The main challenge of interfacing CPS is to transform the collected raw data into useful information in order to facilitate the decision making process. The efficient transformation techniques are needed to provide the accurate value of the information.

Query Load

Generally, the query loads vary and are unpredictable. Due to lack of flexibility, it is complex to handle these variations. Conti et al. [94] proposed a new term data vitalization to sense the query load variations. There is still lot of work needed to optimize the query load in accordance with the needed information and available resources.

Quality of Service

The methodologies to precisely capture and communicate information and the quality needs of an application should be researched. Due to increase in scalability and complexity of data, the computational techniques and their results are very complex to reproduce. Thus, the relationship between data from information producing systems and the operational systems need to be studied such that application’s quality of service requirements are fulfilled efficiently.

Knowledge Association

The constant sensor data streams are required to be processed by CPS. These streams need to be efficiently associated with the existing knowledge [6, 58]. For the complex and uncertain data, the temporal and spatial correlations must be used with data mining tools to retrieve valuable knowledge [6]. There is very little work in this direction, and more research is needed for efficient knowledge association across CPS.

Open CPS Architecture

A new open architecture is required, which can be customized in different situations by different application scenarios.

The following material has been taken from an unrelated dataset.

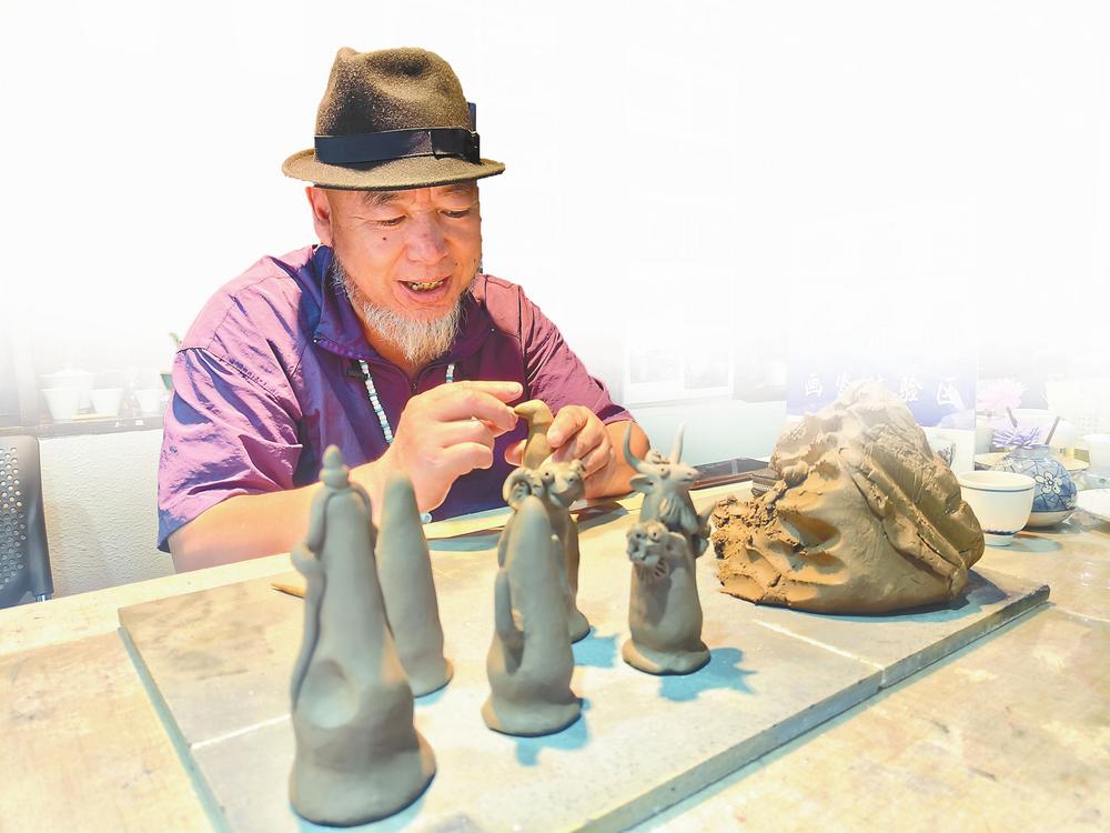 制作东巴泥塑。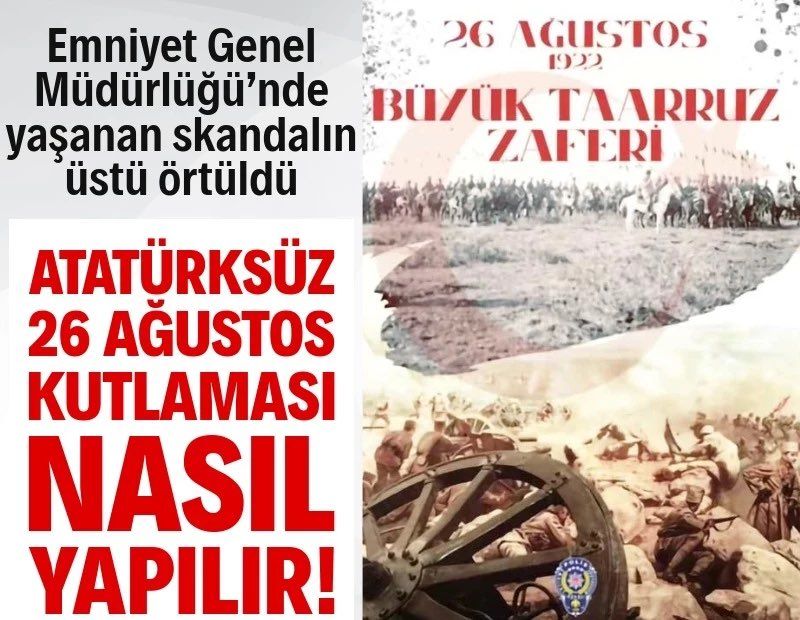 Emniyet Genel Müdürlüğü (EGM), geçtiğimiz salı günü Büyük Taarruz’un 103. yıldönümü nedeni ile sosyal medya hesabından bir mesaj yayımladı. Mesajda, Anıtkabir’de bulunan Büyük Taarruz panoraması kullanıldı. Ancak tablodan Ulu Önder Atatürk’ün özellikle silindiği görüldü. Sabah saatlerinde yapılan paylaşıma tepkiler çığ gibi gelmesine rağmen akşam saatlerine kadar bir türlü silinmedi. Silindikten sonra ise bir açıklama yapılmadı, özür dilenmedi. Tepkilere yol açan skandalı NEFES manşetlere taşıdı...

The physical components are mostly unreliable; tools are needed to build a reliable CPS that should be resilient to tolerate malicious attacks on the data [57]. For the complex design of CPS, new modeling and analytical tools are essential to be utilized [95].

6 Conclusion

In the era of advanced computing, there is an emergent and rapid technological enhancements in the fields of embedded systems, human computer interaction, cloud computing, data analysis, cyber-physical systems, and many other computing aspects. Cyber-physical systems, a new wave of computing, have enabled many applications that were not practical before. The data from cyber-physical systems is enormous and growing constantly which poses many challenges in this field. This chapter discusses the state-of-the-art of the cyber-physical systems from big data perspective. The data generation sources, cyberspace paradigms, and interfacing them with the physical and cyber world have been discussed. From data generation to its storage, different phases of data management for interfacing the two worlds have also been elaborated. The main issues are efficient storage and processing of cyber-physical systems big data. The cyber-physical system cloud computing infrastructure has also been discussed which provides the framework to interface with the computing devices. Furthermore, the research issues related to big data in cyber-physical systems have been highlighted. The cyber-physical systems are in its way of development; therefore, significant issues and challenges must be addressed by researchers for long-term success.